A Review of "Should Mormon Women Speak Out?" by Claudia Bushman, Dialogue: A Journal of Mormon Thought, vol. 41, No. 1. (This issue should be coming out very shortly. Keep checking the website.)
Claudia Bushman is a Mormon woman who has been speaking out since the late 1960's when she and some friends living in Boston met monthly for a "consciousness-raising" group. These women became the founders of Exponent II and put together the "pink issue" of Dialogue--vol 6 no. 2, an issue devoted to women's concerns--in 1971.
Speaking out by Mormon women has been met in a variety of ways by Church leadership since the 1960's. Some of the more publicized cases have tended to engender fear and reluctance to push the envelope. These cases influenced a generation of Mormon women, who were given the message that if their voice did not fit within strict parameters, they would be excluded.
More likely, an LDS woman who is speaking out will simply be ignored. Russell Ballard has recognized this, and urged Stake and Ward leaders to allow women a greater role in Church councils.
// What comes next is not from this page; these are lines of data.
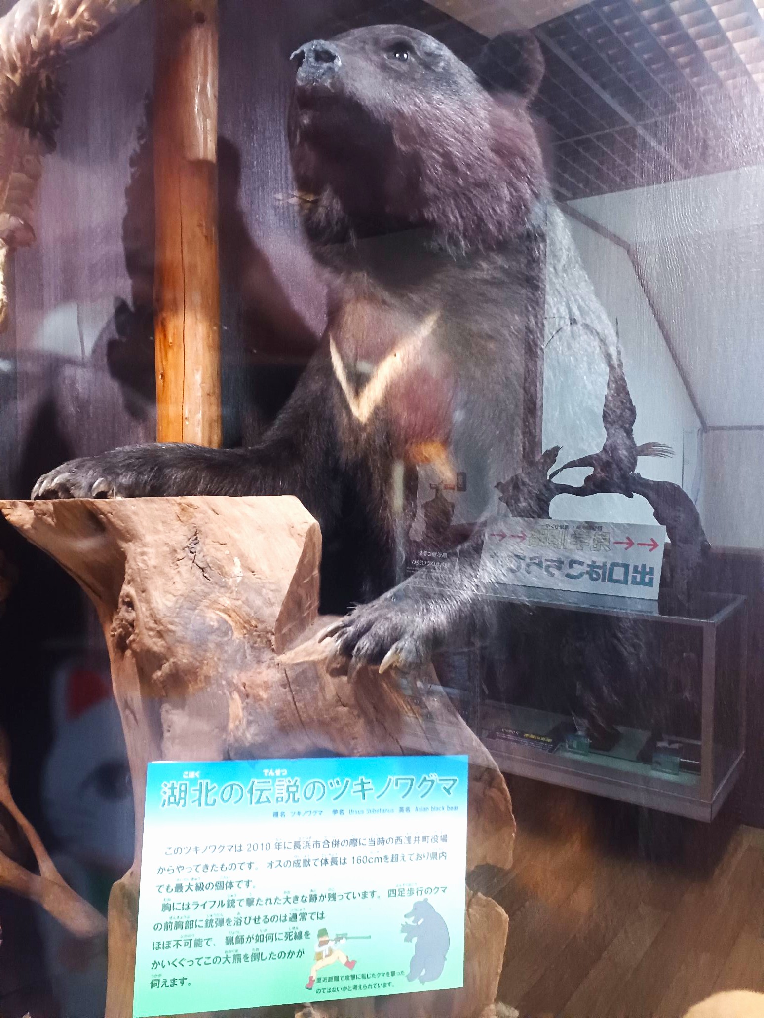 この施設の中にはいろいろな生物の展示がしてあるのですが、びっくりしたのは大きなツキノワグマのはく製でした。
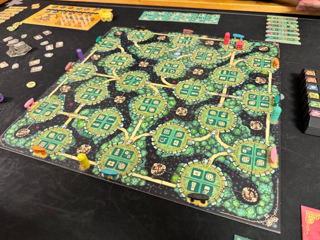 À deux, le plateau est si vaste que vous ne vous croisez jamais. L’interaction se limite à piocher des tuiles avant l’adversaire. Le jeu révèle son potentiel uniquement à 3-4 joueurs, où la bagarre pour les emplacements sur les sanctuaires devient féroce. À deux, c’est une course parallèle.
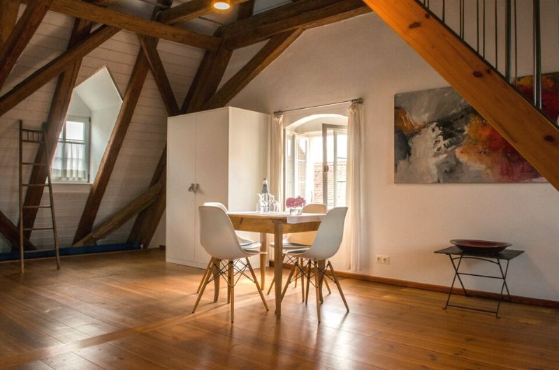 • die wunderschöne moderne Familiensuite mit Holzgebälk und Altbaucharme

Claudia's article juxtaposes two sentiments: Eugene England, who opines that Mormon women writers are "more free, more daring, inventive, original in thought and unique in voice than Mormon men," and Susan B. Anthony's 1859 observation "why is it that all the pages of history glow with the names of illustrious men, while only here and there a lone woman appears, who, like the eccentric camel, marks the centuries?" Claudia comes to the conclusion: "Women do not speak out." Is her conclusion informed by the fears of the past when "women have spoken out and rued the day?" Or are women finding more of a voice in the Church today?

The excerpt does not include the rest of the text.